Approximately 20% to 30% of adults suffer from MS, one of the leading causes of death worldwide.[1] In 2018, it was reported that the prevalence of MS in Chinese adults was 9.82%. Data showed that the prevalence of MS was higher in patients with psoriasis compared to the general population. The correlation between MS and the severity of psoriasis was controversial. According to previous reports, MS, obesity, hypertriglyceridemia, and hyperglycemia were more prevalent in patients with severe psoriasis. Our study did not show this association, which might be due to differences in gender, age, race, genetic background, and lifestyle.

Zhang et al[2] reported that the prevalence of being overweight and obesity in Chinese adults was 28.1% and 5.2%, respectively (N = 441,306). In our study, the prevalence of overweight/obesity in patients with plaque psoriasis was higher than that of the general population, which was consistent with the results of reported studies. However, it was reported that patients who underwent bariatric surgery had a significantly lower risk for psoriasis and psoriatic arthritis.

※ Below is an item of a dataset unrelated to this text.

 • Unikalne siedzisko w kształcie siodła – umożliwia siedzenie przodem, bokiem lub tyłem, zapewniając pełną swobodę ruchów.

In an epidemiological survey, it was shown that the prevalence of hypertension was 23.2% in Chinese adults. In our study, the prevalence of hypertension in the general population was 11.5%, which was significantly higher in patients with psoriasis (22.2%). We demonstrated that hypertension was not associated with the severity of psoriasis, which reflected previous findings. Previous studies showed a paradoxical association between hypertension and psoriasis.

It has been reported that diabetes was more prevalent in psoriatic patients. Zhang et al[3] reported that the prevalence of diabetes in Chinese adults was 6.3%. In our study, the prevalence of diabetes in patients with psoriasis was higher than that in the general population (15.3% vs. 6.3%); the underlying mechanism is still unknown. Do Vale Moreira et al[4] showed that hyperglycemia and insulin resistance caused chronic damage to the cardiovascular system. Therefore, controlling glucose levels in patients with psoriasis is important for preventing cardiovascular events.

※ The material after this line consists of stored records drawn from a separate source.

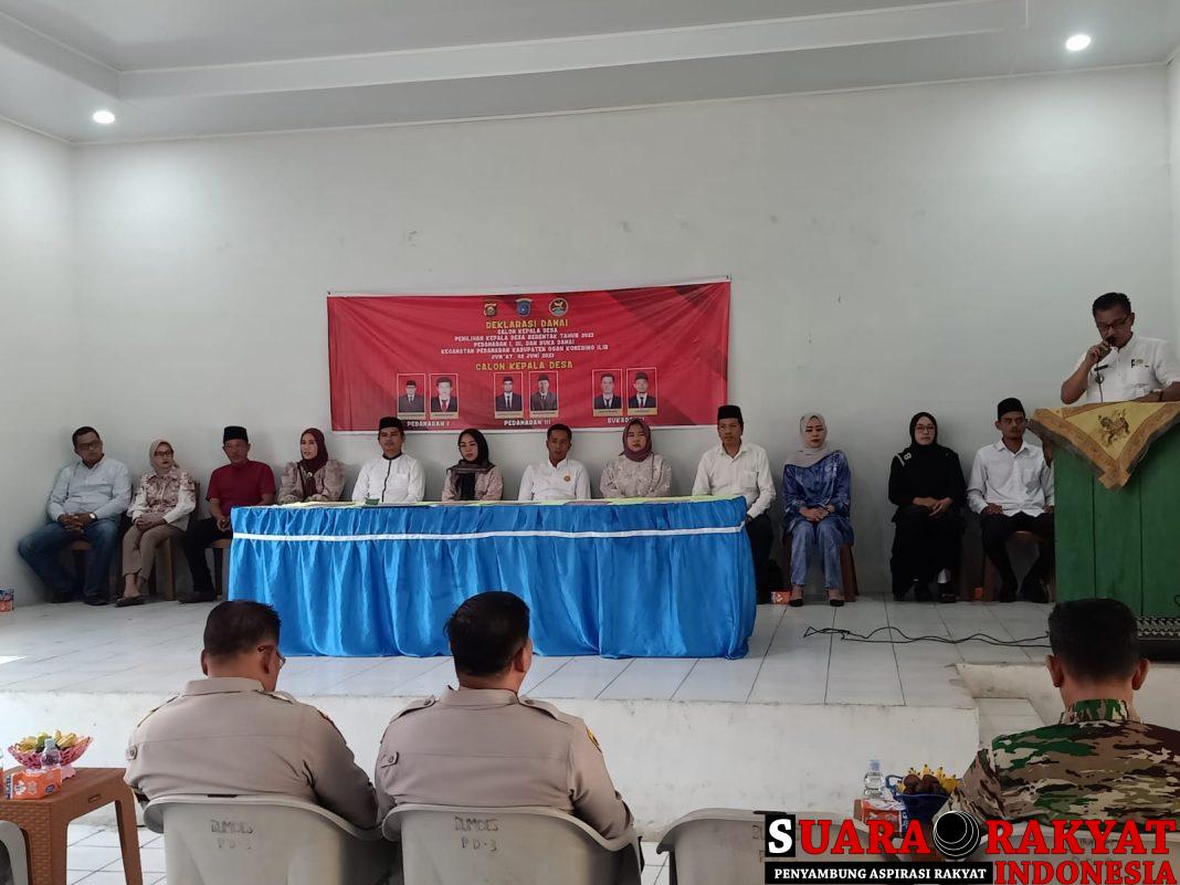 OGAN KOMERING ILIR I KABARINTI.COM I Sebanyak 6 calon kepala desa yang akan mengikuti pemilihan kepala desa (Pilkades) serentak di Kecamatan Pedamaran Kabupaten Ogan Komering Ilir (OKI) tahun 2023, melakukan deklarasi damai di Balai Pertemuan Desa Pedamaran III Kecamatan Pedamaran kabupaten OKI, Jum’at (2/6/23).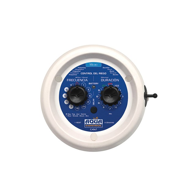 Con bomba programable, adaptador, filtro y tubo aspiración, 10 tes distribución 4 mm, 10 goteros, tapón microtubo 4 mm, 10 soportes microtubo, 10 m microtubo, cable carga USB y soporte/colgador. Hasta 10 macetas.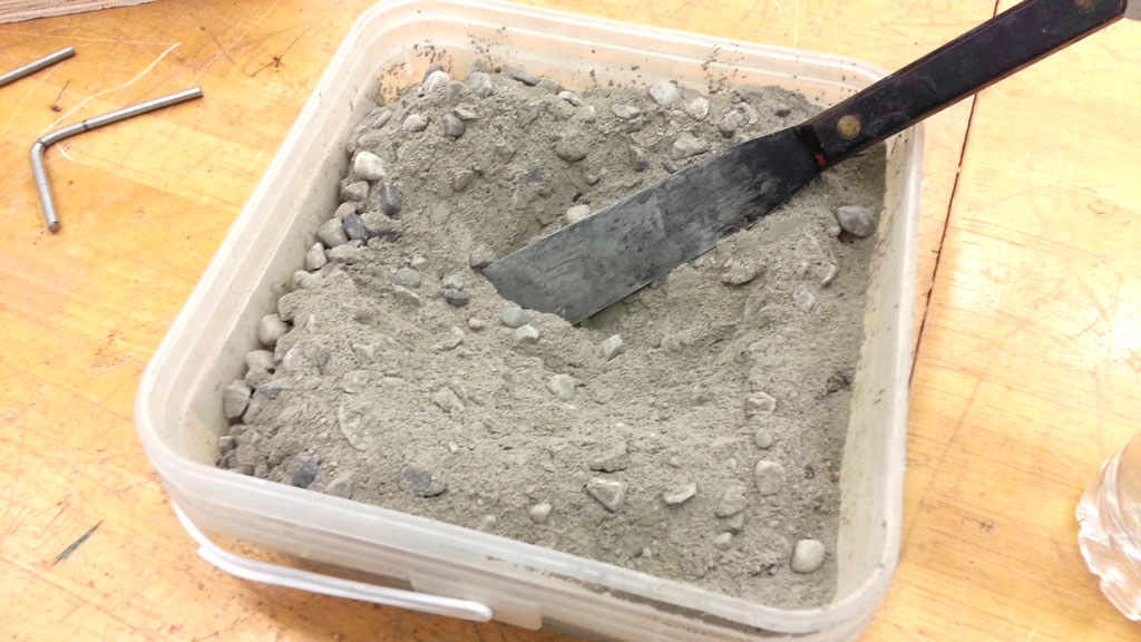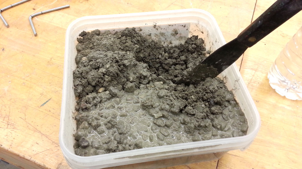 - Concrete - a mixture of aggregates such as sand, cement, and small rocks mixed with water which hardens like artificial stone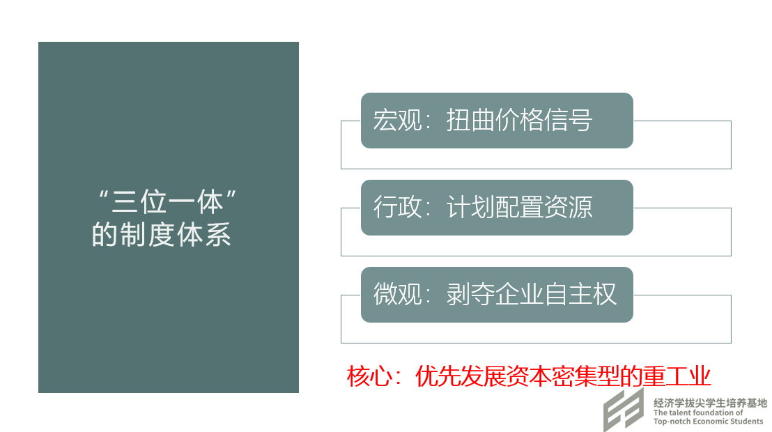 邵嘉鹏同学分享了本书的第四讲,主要介绍了中国成立后推行的赶超战略以及重工业优先发展的传统经济体制。由于重工业发展建设周期长,关键技术设备依赖进口,每个项目一次性投入大,而刚成立的中国面临资本不足,缺少外汇和资金动员难的约束。为了在这样的条件下发展重工业和军事工业,我国形成了宏观上扭曲价格信号,行政上计划配置资源,微观上剥夺企业自主权的三位一体制度体系。为了配套城市生产,在农村实行农产品统购统销,农村公社化,地区粮食自给自足,城乡断绝的户籍制度的政策。作者还介绍了农业危机发生的原因,提出了退出权假说,最后对1978年前的经济发展绩效进行了总结:如果把目标定为发射卫星或是发展重工业,那么传统体制就是成功的;但是如果把目标定为提高人民的生活水平,那么表现就很难让人满意。作者指出希望赶上和超过发达国家的愿景是好的,但是最后实行计划经济的国家普遍不成功。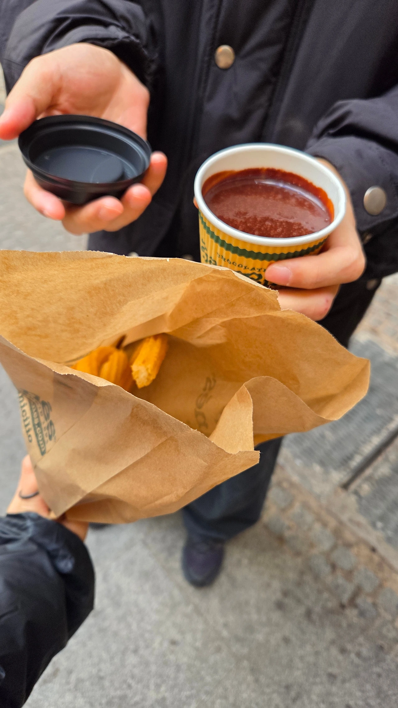 이왕 일어난거 해도 짧은데 아침 구경에 나섰다. 츄러스먹고 시장가서 와인마시고 커피마시고 버스타고 공원가서 산책하고 할거 다 하고 숙소와서 쉬다가 배고파질때 나가서 홍합찜먹고 또 쉬다가 저녁은 말라사냐쪽 타파스집.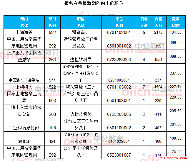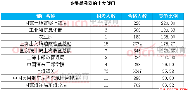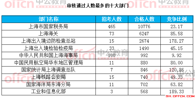 為幫助廣大考生更清晰的了解今日?qǐng)?bào)名情況,上海中公網(wǎng)校整理了審核通過(guò)人數(shù)前十位的部門(mén)以及競(jìng)爭(zhēng)比例最激烈的十大部門(mén),供廣大考生參考: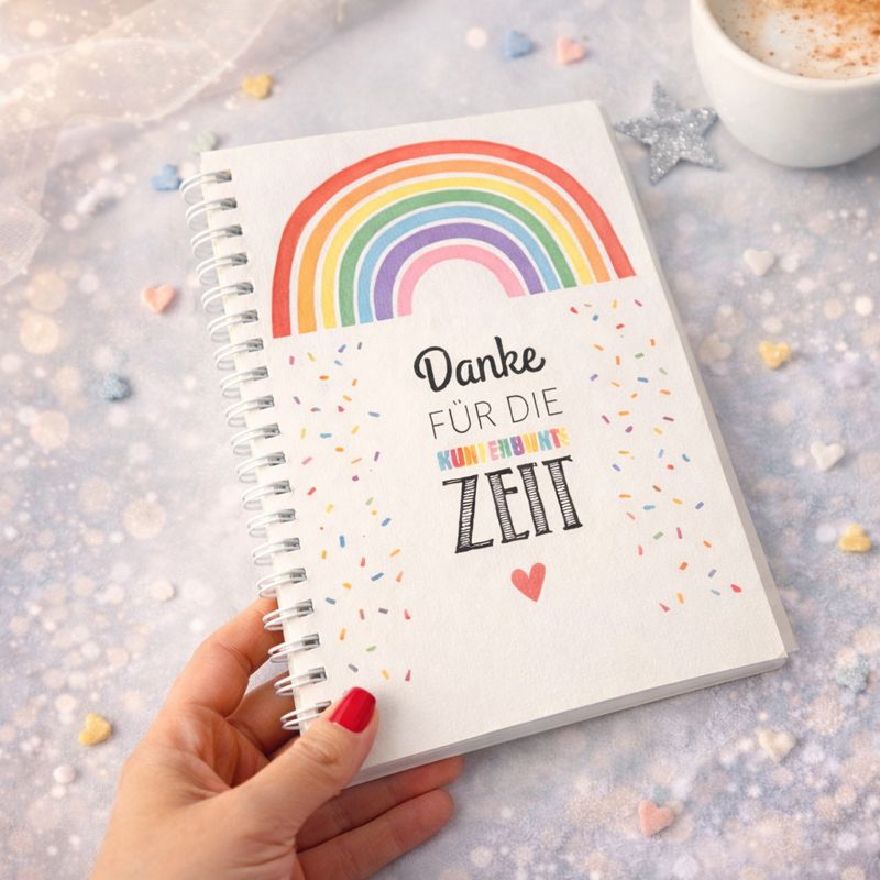 Dieses Erinnerungsbuch bietet jedem Kind die Möglichkeit, eine eigene Seite zu gestalten – mit Worten, Zeichnungen, kleinen Bastelideen oder Fotos. So entsteht ein einzigartiges Abschiedsgeschenk, das lange in Erinnerung bleibt.

Increased levels of serum cholesterol, triglyceride, and low-density lipoprotein cholesterol (LDL-C), and decreased HDL-C levels are associated with psoriasis. The prevalence of hypercholesterolemia, hypertriglyceridemia, low HDL-C, and high LDL-C levels in Chinese adults was 9.01%, 27.02%, 14.36%, and 10.23%, respectively. However, our study population had a lower prevalence of hypercholesterolemia and higher LDL-C compared to that study.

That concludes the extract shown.